In April 2016, I was hired by an independent school to observe its middle and high school English department for two days and offer feedback, first in person and then in a written report. The following is a lightly edited version of the report’s section on assessment strategies.
The school avoids giving grades at all until eighth grade. Some teachers view this as a strength, while a few others view it more as a weakness. My own perspective leads me to label this a strength for many reasons, not least of which is that the absence of grades renders debates about the minutiae of quantitative assessment unnecessary.
Based on my attendance at the department-wide conversation on grading and on my interviews with faculty, it seems that despite the diversity of opinion within the department, everyone comes at the issue with a depth of thinking and the clear objective of doing right by the students. No one falls back on the argument that “it’s just how we do things here.”
The department’s practice of “cross-grading”―of having different teachers evaluate the same paper, with an eye toward consistency and common priorities―is (or at least should be) helpful in getting to the root disagreements within the department and crafting grading policy that at least honors the diversity of opinion.
The students at our lunch meeting reported that during student-teacher conferences, their English teachers typically go over what they did well alongside what they didn’t do as well.

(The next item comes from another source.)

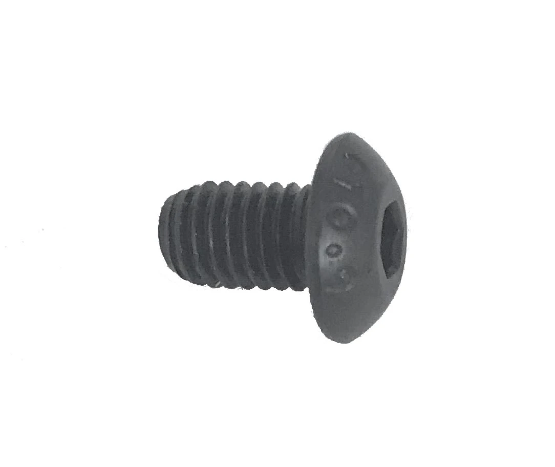 One 8 mm long M5 domed hex end high tensile gunmetal black steel screw.

This demonstrates that the department is not stuck in a deficit-based mindset regarding assessment.
The department obviously struggles with the root questions that any thoughtful English department should be struggling with: Should we be giving grades? If so, which assignments should we grade? What kind of grades should we give? What do our grades mean? How objective are these grades? Who is the primary audience for these grades?
A related struggle is how to conduct and resolve conversations about these questions, and what to do when the department’s educational instincts veer away from what is assumed to be the imperative to use grades to help colleges determine which of the school’s students they should consider accepting.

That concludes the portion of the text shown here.